Gender tests, soccer hand-balls as act of God, crack-taking tennis stars, deliberate concussion-causing head-shots — the problems of sports grab front-page headlines while scores have become after-thoughts.
But the real headline in sports should be the problem with announcing them.
As if baseball wasn’t bad enough with all those Spanish-sounding names, basketball introduced us to the muslim multi-syllables, then hockey triple-played with all the unpronounceable Russians and Czechs and worst, Finns.
But the biggest problem with announcers in sports today … and with fans, is in football.

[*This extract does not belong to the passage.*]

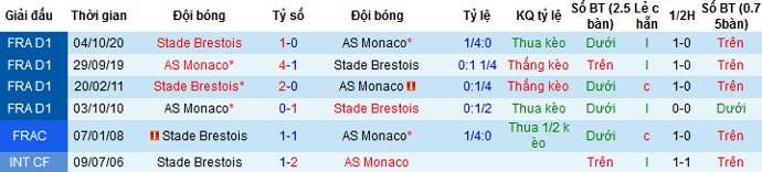 + Lịch sử đối đầu Monaco vs Brest

Who can pronounce and then remember all these African-American first names? Gone are the Johns and Toms and even Alexs. Now, we’ve got all these cobbled-together truncations often with gratuitous apostrophes.

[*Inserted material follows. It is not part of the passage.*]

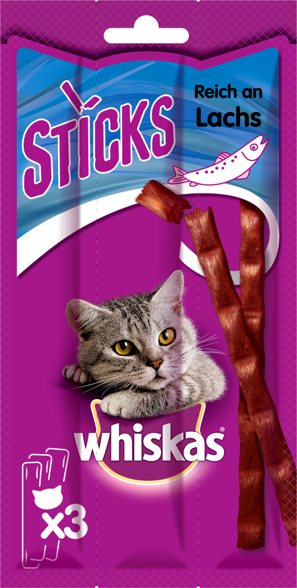 Whiskas Sticks are delicious cat treats without added colours or flavours. The perfect snack between meals, the sticks are rich in high omega-3 fatty acids which have a positive effect on the body and immune system.

Used to be that first and last names were a kind of cause and effect: you’d never get a Tarkington without a Fran, or an Etcheverry without a Sam. One inspired the other, going both ways.
Not anymore. These new names require vivid memory and hybrid spelling skill. Each one is as unique as they guy owning it.
I’d give you some examples but I can’t remember any. And that’s my point. When you have a hard time with the first name you’ve lost the memory clue to the last name with a result that you tend not to remember either. At least, that’s what I’m finding.
I do remember Mooki Wilson, but that’s it.
Hey, call yourself what you want. But for those of us who actually remember ‘i before e except after c’ and all the other English language rules, don’t expect us to remember you. We can’t.